A New Age for Arms Control

By Walter Pincus

Pulitzer Prize Winning Journalist Walter Pincus is a contributing senior national security columnist for The Cipher Brief. He spent forty years at The Washington Post, writing on topics that ranged from nuclear weapons to politics. He is the author of Blown to Hell: America's Deadly Betrayal of the Marshall Islanders. Pincus won an Emmy in 1981 and was the recipient of the Arthur Ross Award from the American Academy for Diplomacy in 2010.  He was also a team member for a Pulitzer Prize in 2002 and the George Polk Award in 1978.  

Walter Pincus is a contributing senior national security columnist for The Cipher Brief. He spent forty years at The Washington Post, writing on topics from nuclear weapons to politics.

OPINION — It’s time for serious planning to re-engage in nuclear arms control talks with Russia, China and other nuclear powers.

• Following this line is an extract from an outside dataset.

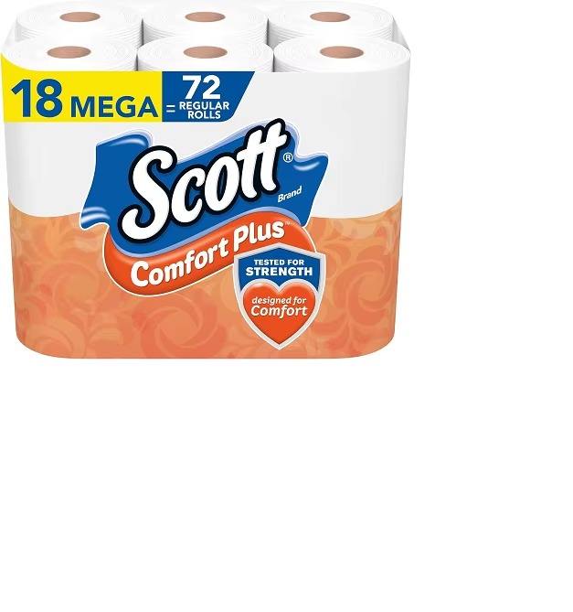 Scott Comfort Plus Toilet Paper Bulk 18 Mega Rolls 1 Ply 462 Sheets Strong Bathroom Tissue for Home and Office

“Arms control has lost a lot of traction,” Sen. Jack Reed (D-R.I.), chairman of the Senate Armed Services Committee, said last Wednesday at a subcommittee on Strategic Forces hearing on U.S. nuclear deterrence policy and strategy. “It used to be every president who was elected had as a foreign policy objective, to secure an arms control agreement. Some were more superficial than real…I still think we need an arms control effort, which I don’t see being promoted anywhere.”

Potential background work is being done.

The Biden Nuclear Posture Review (NPR) is underway to determine what this administration’s policy and resultant needs are for the next five to ten years “to sustain deterrence and defense,” as Secretary of State Antony Blinken put it during a virtual press conference in March in Tokyo.

He added that the Biden NPR could possibly “continue to reduce reliance on the role of nuclear weapons in our strategy.” Meanwhile, a Democratic-controlled Congress will soon take up continued funding for across-the-board rebuilding of the Triad’s strategic nuclear delivery systems – a new fleet of 12 Columbia strategic submarines, the new B-21 Raider bomber, and a new ICBM, the so-called Ground Based Strategic Deterrent (GBSD). Questions leveled at STRATCOM Commander Adm. Charles A. Richard during congressional hearings two weeks ago, indicate there will be challenges to the GBSD, but despite the overall program’s trillion-dollar cost, it should survive.

At last Wednesday’s hearing, one of the expert witnesses, Dr. Paul Bracken, professor of Management and Political Science at Yale School of Management and a consultant to the Pentagon’s Office of Net Assessment, agreed with Chairman Reed that there was a need for arms control discussions. However, Bracken pointed out, “There is no arms control lobby inside the U.S. Government;” referring to the Arms Control and Disarmament Agency (ACDA), which was eliminated in 1999, and its function merged into the Department of State. He described ACDA as “a very valuable source of ideas and innovation.”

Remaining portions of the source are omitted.